As Bauhaus marks 100 years, Tel Aviv’s White City stands tall

The area is the world’s leading repository of the modernist style that favoured a functional aesthetic
While many in the Israeli city of Tel Aviv start the weekend at a sidewalk cafe, there is a small group of visitors walking the streets in search of Bauhaus buildings. Practitioners of the minimalist architectural movement, founded in Germany a century ago, were among European Jews who fled to British-ruled Palestine when the Nazis took power. Today Tel Aviv is a leading repository of the modernist style that celebrates its 100th year in 2019. Bauhaus and its variations are prominent among the 4,000 buildings which make up what is known as Tel Aviv’s White City, a UNESCO World Heritage site. The name comes from the white-painted facades, which together with rounded balconies epitomise the Bauhaus style. The Bauhaus design school was founded in Weimar, Germany, by Walter Gropius in April 1919, exactly a decade after Tel Aviv was born as a small seaside village on sand dunes near the ancient Mediterranean port of Jaffa. In a break with the past it favoured a functional aesthetic and the use of glass, steel or concrete. On the streets of Tel Aviv, a group of about 30 from Germany, Austria, Switzerland and Sweden were on a walking tour organised by the Bauhaus Centre, which is headed by co-founder Micha Gross. The Swiss psychologist and architecture enthusiast said that no other city in the world has a larger collection of Bauhaus buildings than Tel Aviv. UNESCO says that the master development plan was the work of Britain’s Sir Patrick Geddes, a leading modernist. “Tel Aviv is his only large-scale urban realisation,” its World Heritage website says. The first stop on the Bauhaus Centre tour was Shulamit Square, just off Tel Aviv’s central Dizengoff Street. “Maintaining and restoring these buildings is complex,” says Gross, who explains that it takes between eight to 10 years to renovate a building. Most of these 1930s buildings are in private hands and restoring them depends on the goodwill of their owners, who get no public funding for the projects.

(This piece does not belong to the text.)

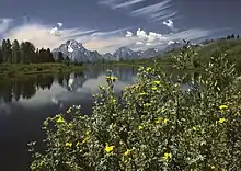 Grand Teton National Park and the surrounding region host over 1,000 species of vascular plants.[90] With an altitude range of over 7,000 ft (2,100 m), the park has a number of different ecological zones including alpine tundra, the Rocky Mountains subalpine zone where spruce-fir forests are dominant, and the valley floor, where a mixed conifer and deciduous forest zone occupies regions with better soils intermixed with sagebrush plains atop alluvial deposits.[91] Additionally, wetlands near some lakes and in the valley floor adjacent to rivers and streams cover large expanses, especially along the Snake River near Oxbow Bend near Moran and Willow Flats near the Jackson Lake Lodge.[92] Altitude, available soils, wildfire incidence, avalanches and human activities have a direct impact on the types of plant species in an immediate area.[93] Where these various niches overlap is known as an ecotone.[94]
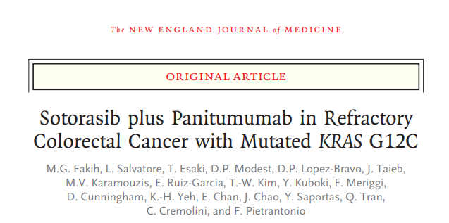 [1] Fakih MG, Salvatore L, Esaki T, et al. Sotorasib plus Panitumumab in Refractory Colorectal Cancer with Mutated KRAS G12C [published online ahead of print, 2023 Oct 22]. N Engl J Med. 2023;10.1056/NEJMoa2308795. doi:10.1056/NEJMoa2308795

Architect Sharon Golan Yaron is content manager of the White City Centre, set up in 2015 by the Tel Aviv city council and the German government to “preserve the heritage of the White City”. She says that while the Bauhaus influence is notable, other architectural styles have shaped Tel Aviv.
Iconic Swiss-born modernist Le Corbusier in particular left his mark, she says, adding that rather than using Bauhaus as a blanket term it would be more accurate to describe Tel Aviv’s architectural heritage as “international”.